About this exercise> Locate the line containing "メイントップスとしてはもちろ" in the material below. Copy that line and all following lines through the end exactly, omitting any pictures.

----------------

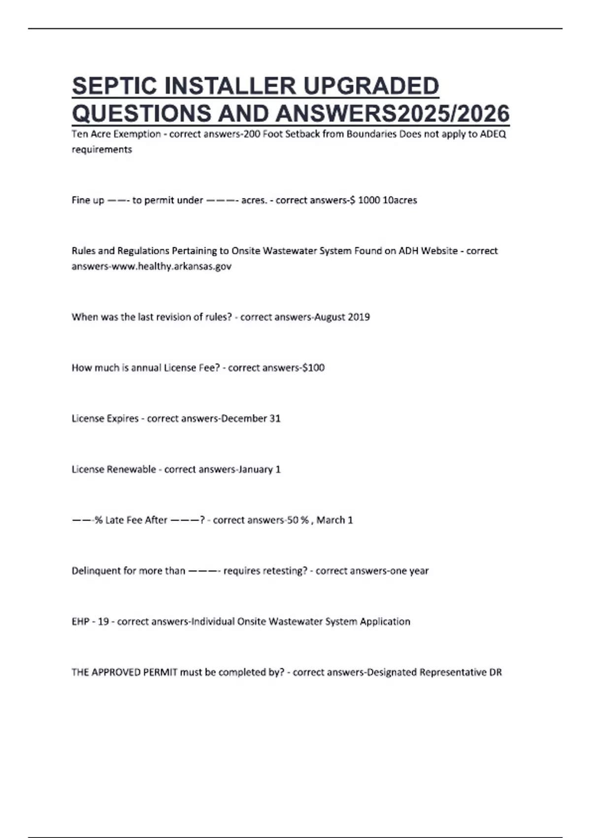 SEPTIC INSTALLER UPGRADED QUESTIONS AND ANSWERS2025/2026 Ten Acre Exemption - correct answers-200 Foot Setback from Boundaries Does not apply to ADEQ requirements Fine up ——- to permit under ———- acres. - correct answers-$ 1000 10acres Rules and Regulations Pertaining to Onsite Wastewater System Found on ADH Website - correct When was the last revision of rules? - correct answers-August 2019 How much is annual License Fee? - correct answers-$100 License Expires - correct answers-December 31 License Renewable - correct answers-January 1 ——-% Late Fee After ———? - correct answers-50 % , March 1 Delinquent for more than ———- requires retesting? - correct answers-one year EHP - 19 - correct answers-Individual Onsite Wastewater System Application THE APPROVED PERMIT must be completed by? - correct answers-Designated Representative DR
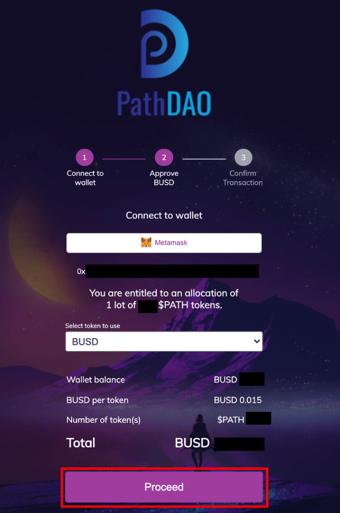 ウォレットを接続すると、自分のアロケーションが表示されますので、購入金額を確認の上、「Proceed」を選択します。
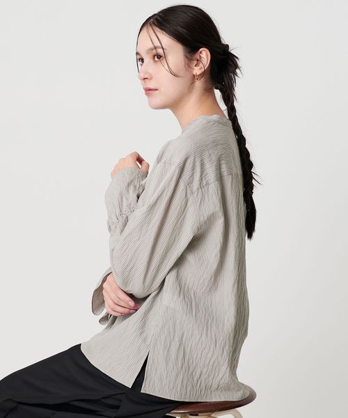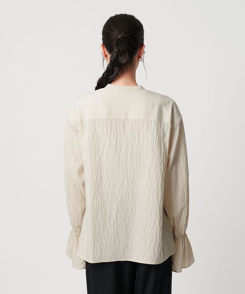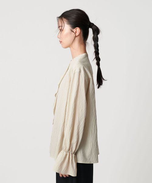 メイントップスとしてはもちろん、ジャケットのインにも映えるロングシーズン着回しの効くブラウスです。
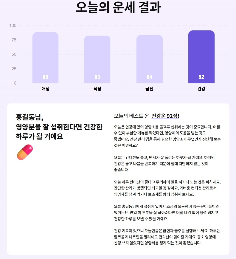 모든 정보를 입력하고 나면 드디어 오늘의 운세 결과를 확인할 수 있습니다. 애정, 직장, 금전, 건강운이 각각 점수와 함께 막대그래프로 표시되어 한눈에 파악하기 편해요. 그리고 화면 아래쪽에는 각 항목에 대한 상세한 설명이 나와 있어서, 오늘 어떤 부분을 신경 써야 할지 구체적인 조언을 얻을 수 있답니다.
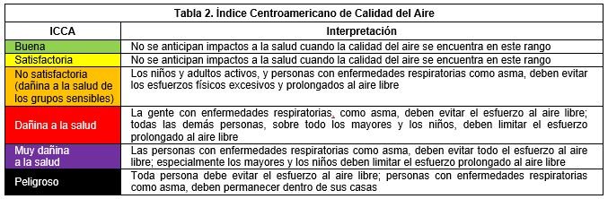 La calidad del aire que se respira en el AMSS, se clasifica según los valores establecidos por el Índice Centroamericano de Calidad del Aire (ICCA), los cuales se especifican en la Tabla 2.
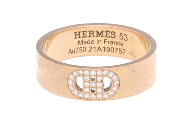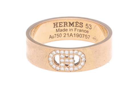 Die Version aus Roségold mit Diamantbesatz verleiht dem maritimen Thema einen luxuriösen Akzent, wobei die feinen Diamanten die Kettenstruktur hervorheben und ein edles Funkeln erzeugen. Dieser Ring ist sowohl als stilvolles Statement als auch als Ausdruck der Hermès-Tradition ein beliebtes Schmuckstück.

----------------

Result of this exercise>
 メイントップスとしてはもちろん、ジャケットのインにも映えるロングシーズン着回しの効くブラウスです。
 모든 정보를 입력하고 나면 드디어 오늘의 운세 결과를 확인할 수 있습니다. 애정, 직장, 금전, 건강운이 각각 점수와 함께 막대그래프로 표시되어 한눈에 파악하기 편해요. 그리고 화면 아래쪽에는 각 항목에 대한 상세한 설명이 나와 있어서, 오늘 어떤 부분을 신경 써야 할지 구체적인 조언을 얻을 수 있답니다.
 La calidad del aire que se respira en el AMSS, se clasifica según los valores establecidos por el Índice Centroamericano de Calidad del Aire (ICCA), los cuales se especifican en la Tabla 2.
 Die Version aus Roségold mit Diamantbesatz verleiht dem maritimen Thema einen luxuriösen Akzent, wobei die feinen Diamanten die Kettenstruktur hervorheben und ein edles Funkeln erzeugen. Dieser Ring ist sowohl als stilvolles Statement als auch als Ausdruck der Hermès-Tradition ein beliebtes Schmuckstück.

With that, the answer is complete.